* **EXCERPTED DATA**
------------------------------------------------------------------------
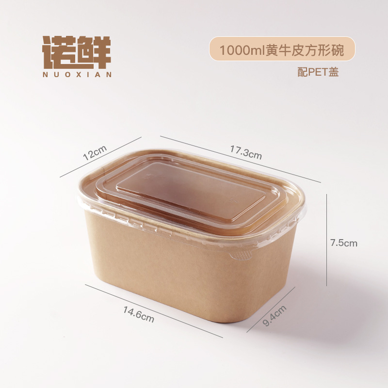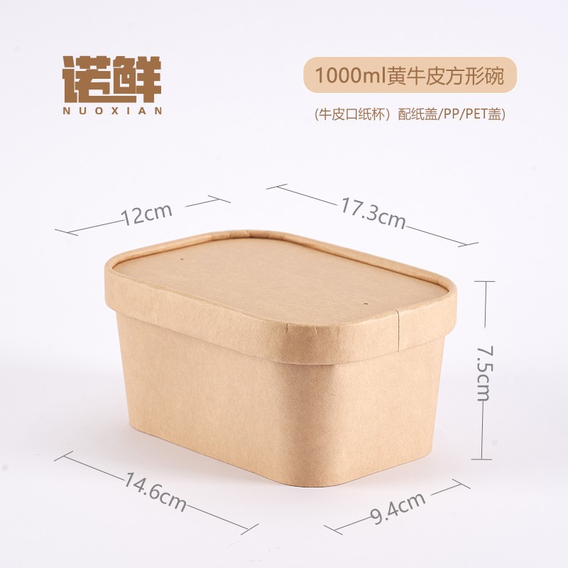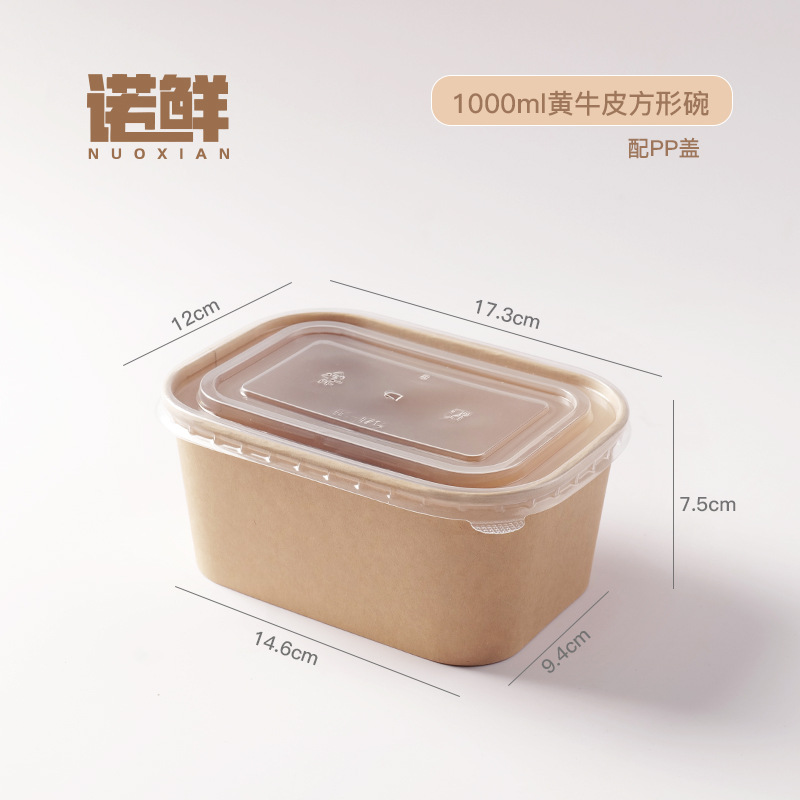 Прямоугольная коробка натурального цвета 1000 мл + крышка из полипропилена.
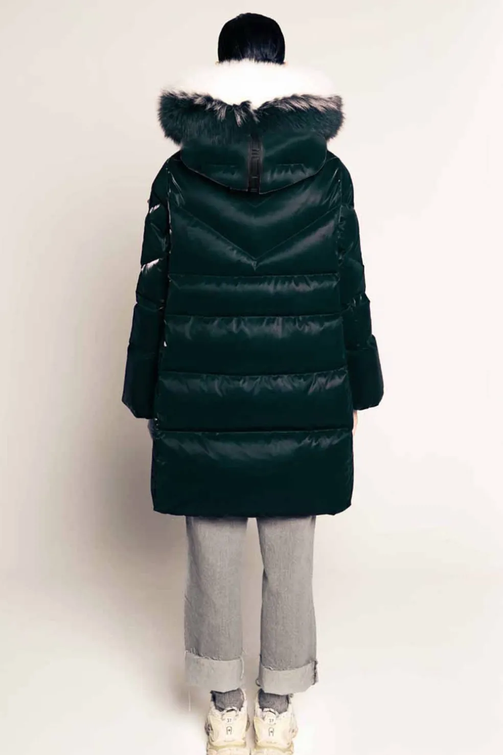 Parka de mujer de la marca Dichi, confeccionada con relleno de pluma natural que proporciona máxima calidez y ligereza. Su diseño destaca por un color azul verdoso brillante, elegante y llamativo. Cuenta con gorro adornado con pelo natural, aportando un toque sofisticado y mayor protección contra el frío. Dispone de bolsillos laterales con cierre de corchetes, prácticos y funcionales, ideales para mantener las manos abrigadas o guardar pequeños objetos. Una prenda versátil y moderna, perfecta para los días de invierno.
------------------------------------------------------------------------
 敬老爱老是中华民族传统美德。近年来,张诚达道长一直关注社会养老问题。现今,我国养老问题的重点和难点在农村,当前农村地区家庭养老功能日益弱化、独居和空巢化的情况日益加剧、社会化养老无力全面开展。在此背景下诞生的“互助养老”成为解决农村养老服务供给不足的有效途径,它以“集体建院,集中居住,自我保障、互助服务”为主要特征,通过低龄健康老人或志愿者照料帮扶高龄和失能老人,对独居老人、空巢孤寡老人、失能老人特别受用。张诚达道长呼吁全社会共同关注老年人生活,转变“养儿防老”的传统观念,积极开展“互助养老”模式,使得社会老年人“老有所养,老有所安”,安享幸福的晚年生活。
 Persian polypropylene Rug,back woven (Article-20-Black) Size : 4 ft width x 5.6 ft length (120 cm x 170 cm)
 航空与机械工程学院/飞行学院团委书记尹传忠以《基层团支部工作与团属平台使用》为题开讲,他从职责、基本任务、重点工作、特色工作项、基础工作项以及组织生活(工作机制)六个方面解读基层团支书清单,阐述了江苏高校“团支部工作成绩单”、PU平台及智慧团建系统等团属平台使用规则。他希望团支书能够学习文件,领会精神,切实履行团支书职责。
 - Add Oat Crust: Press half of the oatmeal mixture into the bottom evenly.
------------------------------------------------------------------------
* **EXERCISE DESCRIPTION**
Take the lines above starting at the one containing "Прямоугольная коробка натурального" and ending at the one containing "Parka de mujer", and print them again exactly, without pictures.

* **EXERCISE ANSWER**
 Прямоугольная коробка натурального цвета 1000 мл + крышка из полипропилена.
 Parka de mujer de la marca Dichi, confeccionada con relleno de pluma natural que proporciona máxima calidez y ligereza. Su diseño destaca por un color azul verdoso brillante, elegante y llamativo. Cuenta con gorro adornado con pelo natural, aportando un toque sofisticado y mayor protección contra el frío. Dispone de bolsillos laterales con cierre de corchetes, prácticos y funcionales, ideales para mantener las manos abrigadas o guardar pequeños objetos. Una prenda versátil y moderna, perfecta para los días de invierno.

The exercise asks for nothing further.